Gamaliel comes across in Christian literature as the mentor of Saul of Tarsus, even as a convert alongside him. The Copts were particularly prone to this. Much derives from Saint Luke's book of Acts, itself (I think) from now-lost early Christian writings. Which writings Luke had taken by faith.
Elsewhere in the first-to-second centuries' Judaism, we rarely find contemporary attestation of any rabbi, whose fame (or infamy) later Jews would remember. In such Jewish literature, Gamaliel is typical. In Christendom Luke will note our man in Acts; but nowhere names him in his Gospel.
We do have considerable attestation of first-century Judaean politics, at least. Roman-ruled Judaea hosted a Sanhedrin of Jews from various factions who met to arrange Jewish orthodoxy. The Sadducees from the Temple dominated this synod. To the extent Pharisees contributed to Sanhedrin, which I concede 30s AD Judaean politics could have forced; the Sadducees preferred Shammai's party.

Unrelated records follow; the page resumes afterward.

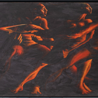 Oliver's painting shows a group of shirtless men looking towards an unseen figure or force. The painting makes heavy use of crosshatching and red and black hues. The composition bears significant resemblance to Oliver's mural Fire Fighters, which can be seen in the 1978 book, Black Art in Houston: The Texas Southern University Experience.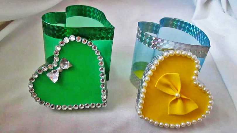 Симпатичные коробочки подойдут для упаковки небольших подарков или для оформления праздничного стола, для их создания нужны только стаканчики, ножницы и линейка. Элементы украшения коробочек могут быть любыми, в зависимости от повода торжества и вкуса создателя поделки.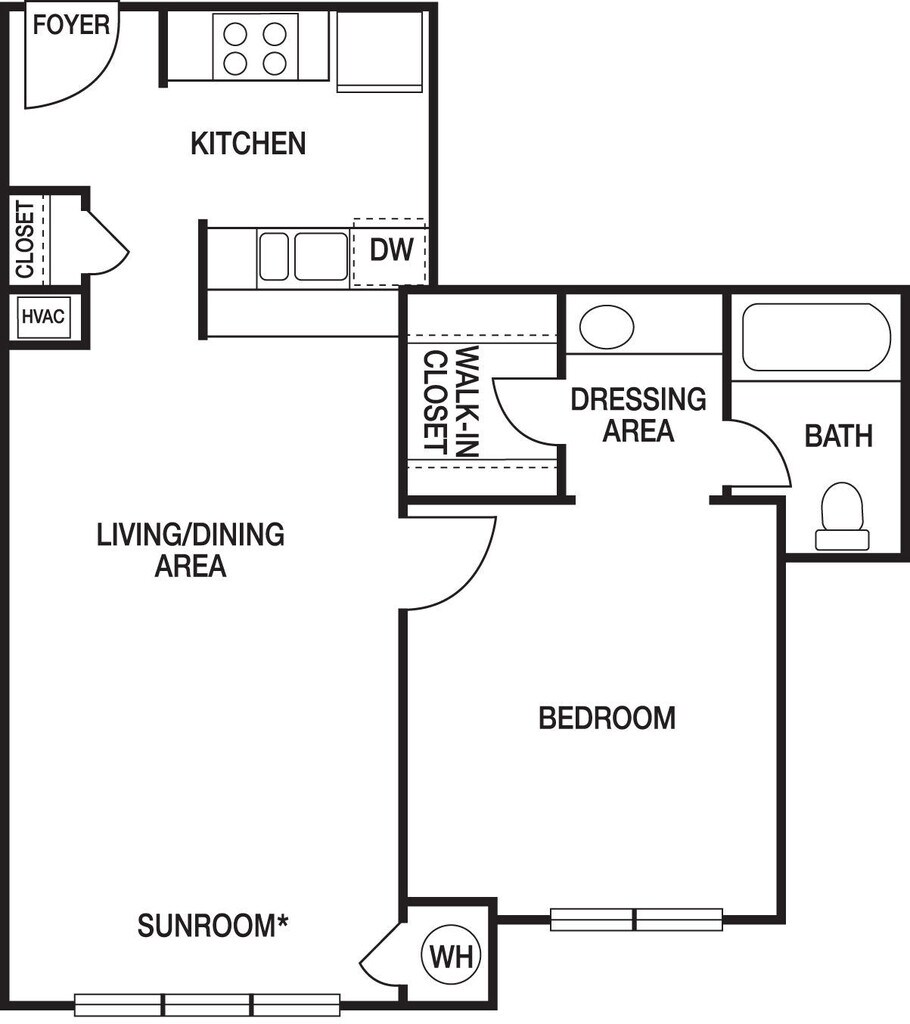 Studio, 1 Bath, 613 sq ftLargest StudioThis is the largest Studio at this PropertyModel Gallery

I propose that Gamaliel did exist in the 30s-50s AD; but that he was on the outs, like the Essenes... and like the Christians. It was later, after the Ninth Of Av, that Gamaliel's successors raised his profile. Luke was among those who heard of Gamaliel.
Not so sure about Paul.
UPDATE 7/13: Luke's Quellenfrage belong in a Luke essay. The core of it was commented on 7/11 anyway... elsewhere.